Stephen Gardner and Congressman Brandon Gill https://x.com/RepBrandonGill discuss the birthright citizenship SCOTUS ruling.
What is shared at 10:18 is Stephen’s favorite part of this interview.
How the GOP can still fight for Trump's agenda and MAGA voters wishes. https://brandongillforcongress.com/
The Supreme Court just handed down a ruling that, on immigration, feels like a freight train hitting the heart of the Trump agenda: birthright citizenship stays exactly as it is.
In a 6–3 decision, the justices rejected President Trump’s executive order that tried to limit citizenship for children born here to parents who are here illegally or only temporarily. Chief Justice Roberts, joined by Trump‑appointed Amy Coney Barrett and the liberal bloc, said the 14th Amendment’s promise is clear: if you are born on U.S. soil, you are a citizen, with very narrow exceptions like foreign diplomats. That not only kills Trump’s order—it effectively closes the door on Congress trying to rewrite birthright citizenship by statute. The only way to change it now is a future Court reversal or a full constitutional amendment.
So what does this mean on the ground? It locks in the status quo for “birth tourism” and children of illegal aliens. If roughly 20 million people who are here unlawfully or temporarily have children here, those kids are citizens for life. Trump voters worry this will encourage more pregnant women to come on short‑term visas or illegally, knowing their child gets an automatic claim on America even if they themselves never fully join or respect the country.
At the same time, there are reasons not to go full doom‑and‑gloom.

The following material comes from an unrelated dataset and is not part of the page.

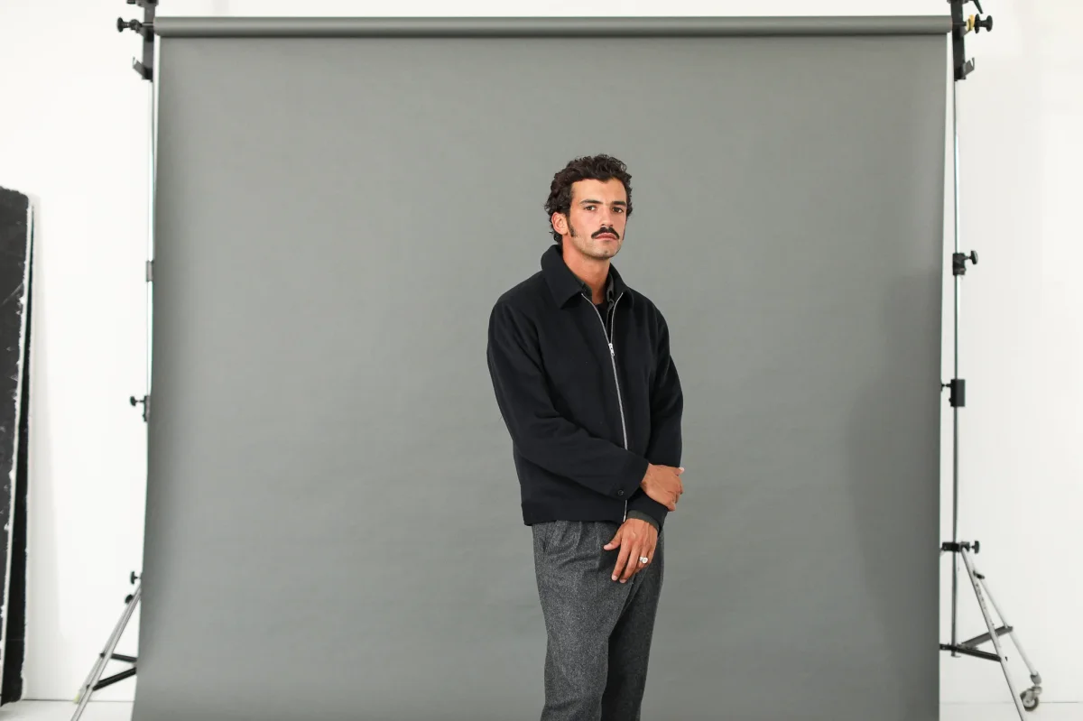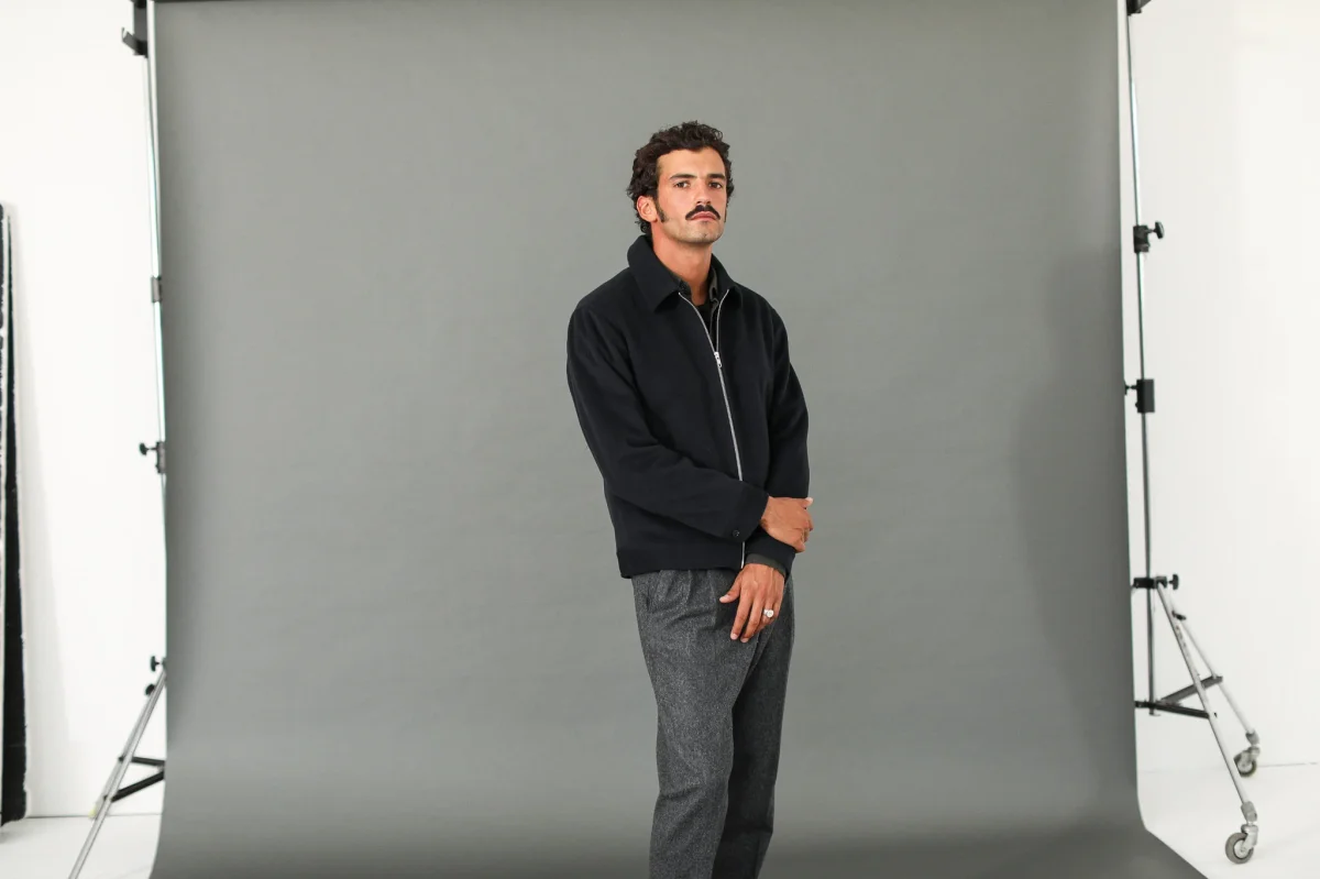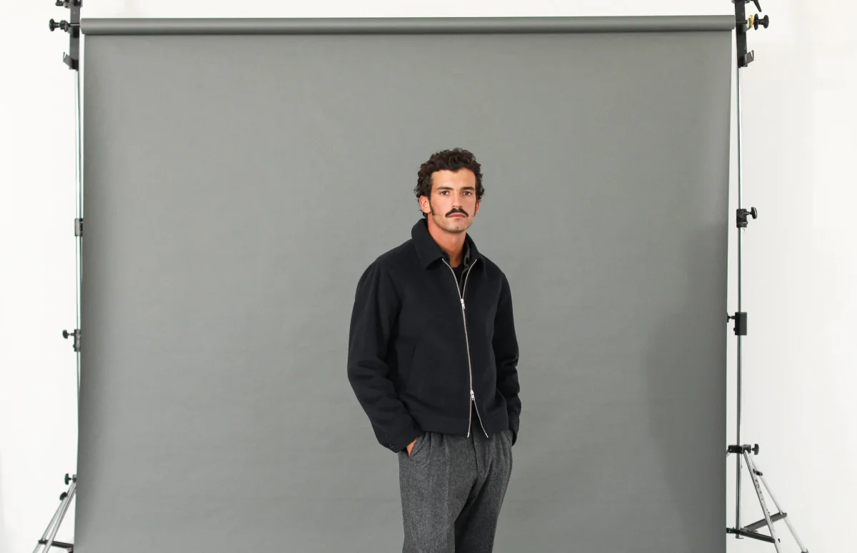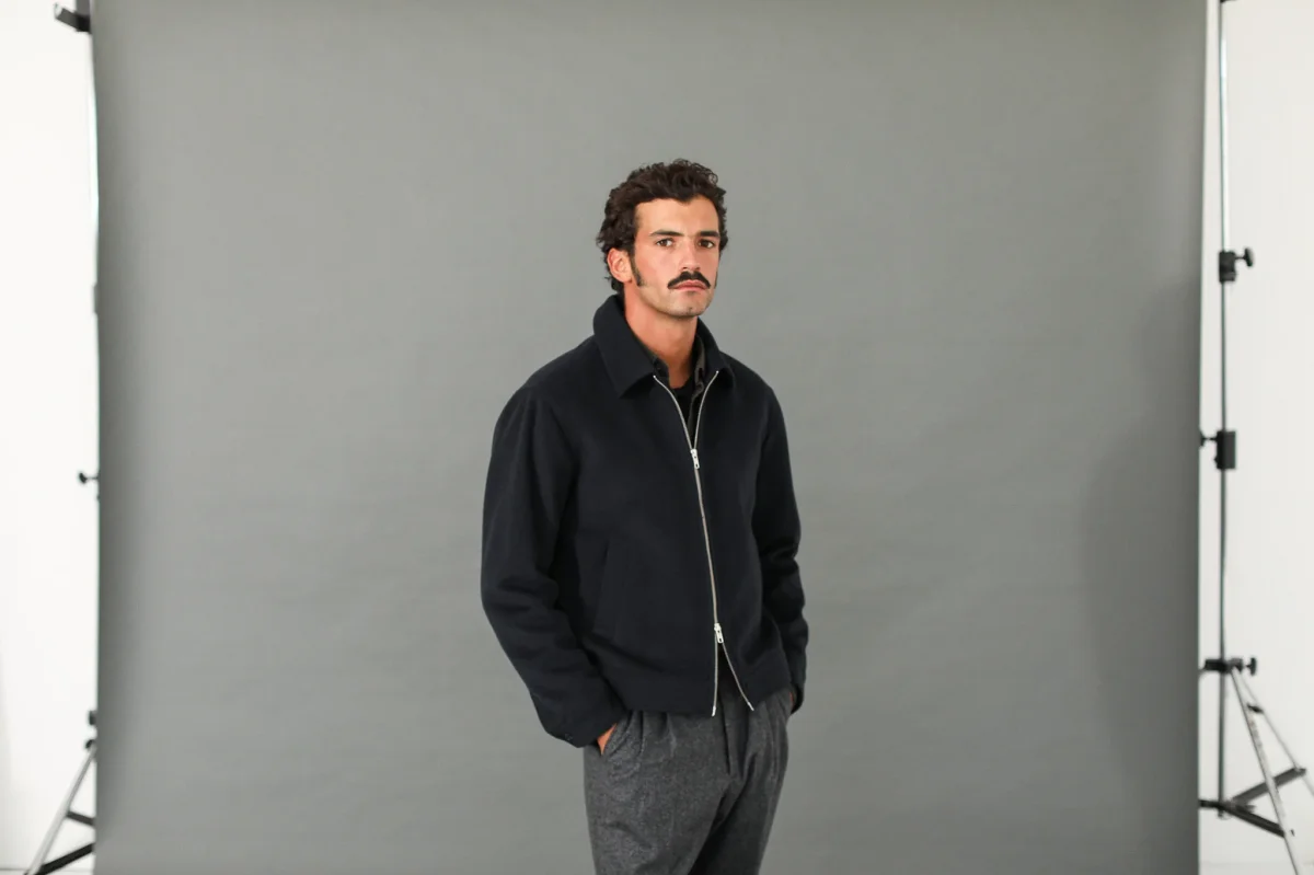 Veste en laine à fermeture Éclair. Le col simple termine une pièce que nous sommes fiers de vous proposer depuis l’hiver dernier : un mélange laine et cachemire d’origine italienne, une double fermeture à glissière sobre et deux poches obliques.

Trump has already dramatically cut illegal crossings—blocking on the order of hundreds of thousands of would‑be entrants per month at the border with new enforcement rules, deals, and removals. And just days ago he won a huge Supreme Court case affirming his authority to end Temporary Protected Status and deport TPS holders who have turned “temporary” into a permanent stay, especially when most are now shown to be on some form of welfare.
Zoom out and the tension becomes clear. America is absolutely a nation of immigrants—but the way Congress and the courts are behaving, it can feel like the system treats America as primarily a promised land for new arrivals, not for the natural‑born citizens already here struggling with housing, wages, inflation, and taxes. Immigration gets endless legal protection; everyday Americans often get platitudes.
On culture, the Supreme Court’s term sends a different signal: a win for red and common‑sense states on gendered sports. The Court has now upheld the power of states to ban biological males from competing in girls’ and women’s sports, backing laws in over two dozen states that restrict transgender participation in female teams. That means states like Texas, Oklahoma, and Florida can keep girls’ sports female, while blue states and sanctuary cities almost certainly double down on allowing boys in girls’ leagues. It protects fairness in some places but also deepens the red‑blue divide.
That’s where someone like Senator Markwayne Mullin comes in. Voters see Congress’s approval rating in the basement and wonder: does anyone in D.C. actually work for them? Democrats seem obsessed with expanding the electorate through illegal immigration and loose ID rules. Republicans talk America First, but many—RINOs—still stall bills like the SAVE America Act that would tighten voter ID, clean rolls, and restore trust in elections.
Members sitting on DOJ oversight and reform committees are finally starting to hammer this, launching probes and criminal cases against fraud rings in Medicare, Medicaid, ACA exchanges, and pandemic programs. But your question gets to the core: is this level of fraud and waste something Congress quietly tolerates because it feeds donors and bureaucracy, or is the system now simply so gigantic that even well‑intentioned members struggle to contain it?
The honest answer is: it’s both. The government has grown far beyond what ordinary citizens can monitor, and far beyond what a small group of reformers can easily clean up. That’s why Trump’s base keeps demanding three things at once: secure the border, end executive‑amnesty games like TPS abuse, and launch aggressive fraud‑takedown operations across every major program—while cutting taxes so citizens aren’t paying for the dysfunction.
Birthright citizenship staying in place is a real blow to the Trump immigration vision. But the story isn’t just that one loss. It’s that the same week, Trump gains new tools to deport TPS overstays, states gain power to defend women’s sports, and Congress faces rising pressure—from you and millions like you—to prove it can deliver a government that serves citizens instead of feeding a never‑ending cycle of fraud, waste, and abuse.